In the first case, sharing a file on the server, I can see that there might
be some operating system conflict (Win2K as the server, WinXP as the client)
but in the second case, sharing a file on the Peer PC1, I'm unclued.

Has anyone else seen this behavior or does anyone see what I'm doing wrong?
Thanks.

 

[Guest]

The documentation applies to sharing encrypted files between users who log
onto the same computer--in other words, both users have profiles and EFS
certificates/keys on the same PC. If you want to enable the users to access
those local files from a second computer, you must configure the first
computer to be trusted for delegation and share out the files.

If you want to share files that have been encrypted on a remote server, you
will have more success by using roaming profiles for the users. Configure
the profiles to be roaming, log onto a domain PC as each user and
install/create an EFS certificate for the user (encrypt a file), and then
publish that certificate to the AD (so it can be added to files). When the
user encrypts a file on the remote server for the first time, the server will
use the certificate from the user's roaming profile. Be sure when you are
adding users' certificates to remote files on the server that you are adding
the certificates that are stored in their roaming profiles.

Hope that helps.
Pat

 

[Rilje]

I'm running WindowsXP, SP2 on a LAN w/ a Win2K server acting as domain and
exchange server running small business server 2003.

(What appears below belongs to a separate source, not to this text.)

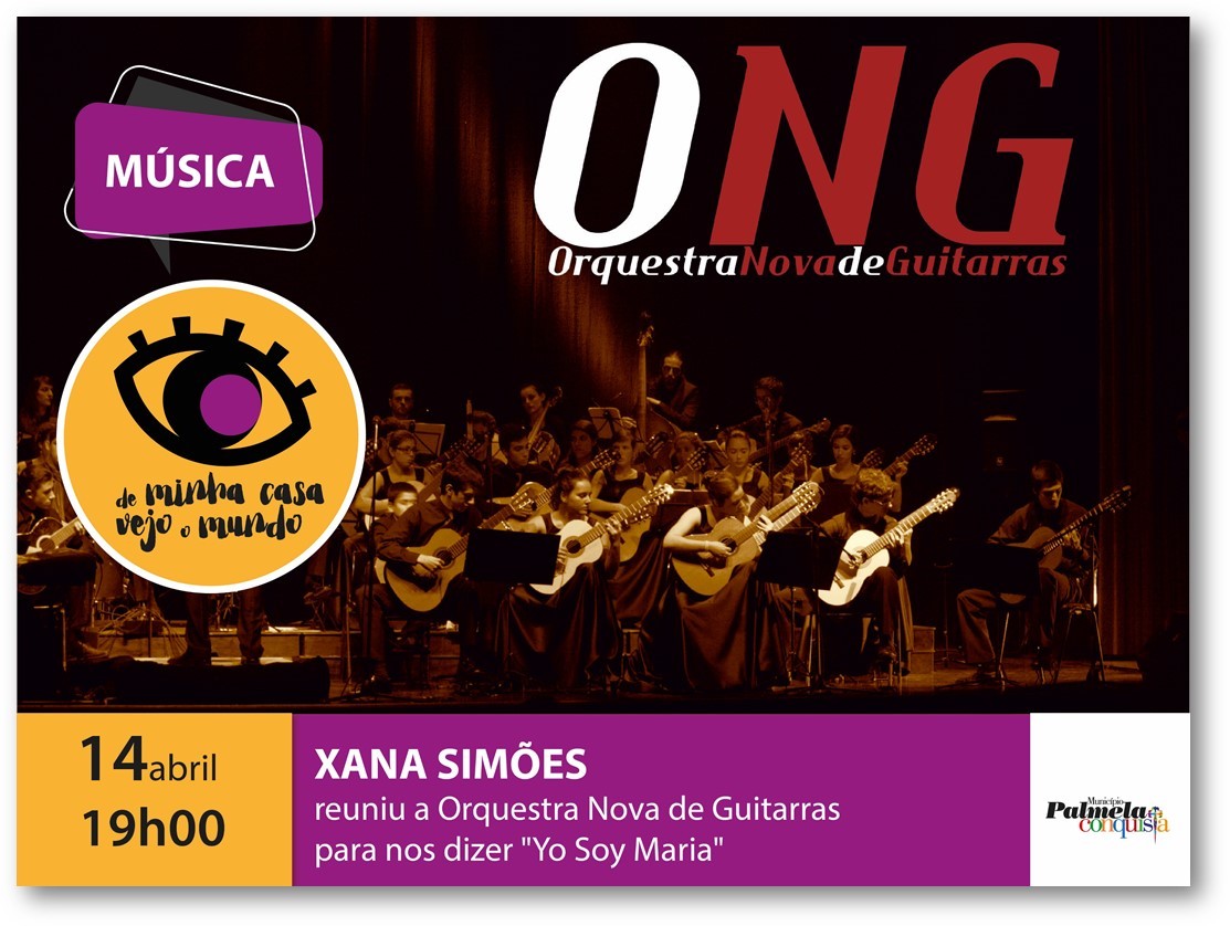 Hoje, às 19h00, o projeto municipal “De minha casa vejo o mundo” convida-a/o a apreciar a interpretação da ONG - Orquestra Nova de Guitarras do tema “You Soy Maria”, recordando um dos momentos altos do concerto realizado pela ONG com a participação de Xana Simões, professora na Orquestra.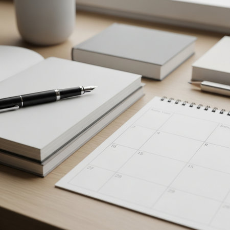 A cozy workspace featuring a calendar and stationery on a desk, perfect for organization and planning. Ideal for illustrating productivity and time management.

THanks Pat. I read a microsoft page that suggested using Web Folders
(Network Places) instead of shared folders.

http://www.microsoft.com/resources/...Windows/XP/all/reskit/en-us/prnb_efs_hzqx.asp

Apparently, encryption of a Web Folder doesn't require trusting for
delegation or Roaming Users. Sounded great. SO I:

-Created a new Network Place pointing to the folder on the server.
-went into My Network Places, right clicked on the folder, clicked
properties, advanced, then checked the encryption.
-checked encrypt folders and files
-clicked OK. (properties dialog)
-Then my computer hung on the properties window and after a few minutes, it
said "Not Responding" in the title bar.

....Uh Oh

-Then another user went on a lunch break because Outlook was hanging for
her. She had a white screen with a title bar. THis was about 5 minutes
after I clicked OK on the properties dialog.
-So I killed it (My Network Places) in the task manager, and everything on
my task bar disappeared.
-Restarted my computer and after a long delay at login, got in, everything
seemed normal. I could even check my Outlook.
-I tried logging in on the other (lunch break) user's pc using their login,
and it took a long time. Once it let me in, outlook still wouldn't work.
-After about twenty minutes, everybody started having problems getting into
outlook and other server applications started having problems.
-Went to the server, hit ctrlaltdel, and the login took a few minutes to
come up. Once it did, it wouldn't accept the admin password (kept saying it
was the wrong password, can't remember exact message, but looked like
standard msg "The domain couldn't log you on...").
-Did hard reboot of the server, everything seems normal.
-Checked the folder I tried to encrypt, none of it seems to be encrypted.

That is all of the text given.